事実、貸出約定データを見ると平均約定金利は約1.39%になっている。 https://www.boj.or.jp/en/statistics/dl/loan/yaku/yaku2607.pdf
ではお金を借りて、高金利の金融商品を買ったほうがいいのか?
ここまでお得にお金を借りれるとなると、このような邪な考えが浮かんでくる。 自動車ローンを持つ人がなぜか住宅を買うと、なぜかその自動車ローンが消えているとかいないとかいう話と似たような話かもしれない。
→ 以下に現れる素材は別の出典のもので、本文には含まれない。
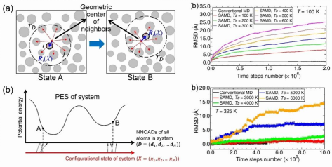 长期以来,传统分子动力学(MD)计算机模拟方法在材料科学与工程研究中被广泛应用,但其在时间尺度上的局限性阻碍了对许多重要材料演化过程(如相变、位错运动、晶界扩散等)的研究。为解决这一瓶颈,研究人员基于扩展系统动力学框架,发展出一种全新的、通用的模拟加速方法SAMD。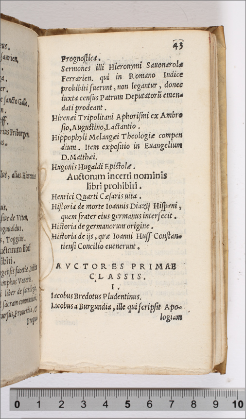 Index librorum prohinitorum, cum regulis confectis per patres à Tridentina synodo delectos, auctoritate sanctiss. D. N. Pii IIII, pont. max comprobatus (c. 19r--59r) |

例えば利回り4%の米国債を運用するとして、日本で0.9%でお金を借りるとする。
ここでの単純な金利差は 4% - 0.9% = 3.1% となる。
仮に1億円借りて、為替や税金などを一切無視して計算すると
- 支払い利息: 90万円
- 米国債利息: 400万円
- 差額: 310万円
となる。つまり日本で安くお金を調達できれば、海外の高金利商品を買うだけで円の利益を得やすことが出来る。 長期間のゼロ金利・マイナス金利政策によって、このような金利差による利益獲得のスキームが成立しやすくなっていたことは事実だと思う。 では実際、単純に米国債を買っておけばプラスかというと、そんな単純な話ではない。ドルでの投資になるので為替リスクがあるからだ(さっきの計算では無視した)。 さっきの例ではドル円が1年で5%円高になれば、円換算では損失が発生する。私も円高のときは米国株を買っていた記憶があるが、最近はあまり買ってない。 為替先物予約などで為替ヘッジすればリスクは抑えられるが、その場合も予約するための費用(ヘッジコスト)はかかるため、円安の恩恵をそのまま受けるということにはならない。
俺達は投資家と外貨に貢いでいただけ?
このように日銀が金利を低く維持すると、円を実質的に安く調達でき、投資家はその資金で海外の資産に投資を行う。 そうなると資産を持っている人、つまり借入能力がある人がこれまで述べてきたような恩恵を大きく受けることができる。 しかし、そうだとしても単純に「貢いできた」とまでは言えないのではないか。
低金利政策には以下のような景気への刺激効果もある。
- 企業の資金調達がしやすくなる
- 住宅ローンかりやすくなる
- 雇用が維持しやすい
- デフレ抑制
低金利政策だからと言って、副作用だけを見て結論づけなくても良い。 「金利」と目にしたとき以下のようにステップを分けて考える。
- 名目金利だけではなく、実質金利もセットで見る
- インフレの見通しと貸出金利を比較する
- 為替、ヘッジコスト、金融政策の効果を考える(必要に応じて)
なんとなく整理
金利が上がった、というニュースを見て財布の心配をするのではなく、インフレ率と比べて金利が高いかを見る。 そう考えると日本国は金利が上がった、と言っても実質金利を見るとまだかなり低い水準であることがわかる。 今までがラッキーだったと思って過ごすか、生活水準を維持・向上するために収入を上げようとかそういった行動への転換は自由に決めれば良い。
その他: 収入とインフレ率について
インフレ率同等以上に収入が増えないと、実質的には収入が下がっているのと同じだ。 これは、収入が上がってないのに物価が上がっているなら、同じお金で買えるものやサービスは減るという考え方によるもの。 金利の話とは切り離して考えたほうがよい。実質金利の話と、家計の実質所得は別。
- 去年: 年収500万円、支出400万円
- 今年: 年収500万円、物価 +2%
となった場合、去年と同じ生活水準を維持するには408万円かかる。つまり手元に残るお金は100万円から92万円に減る。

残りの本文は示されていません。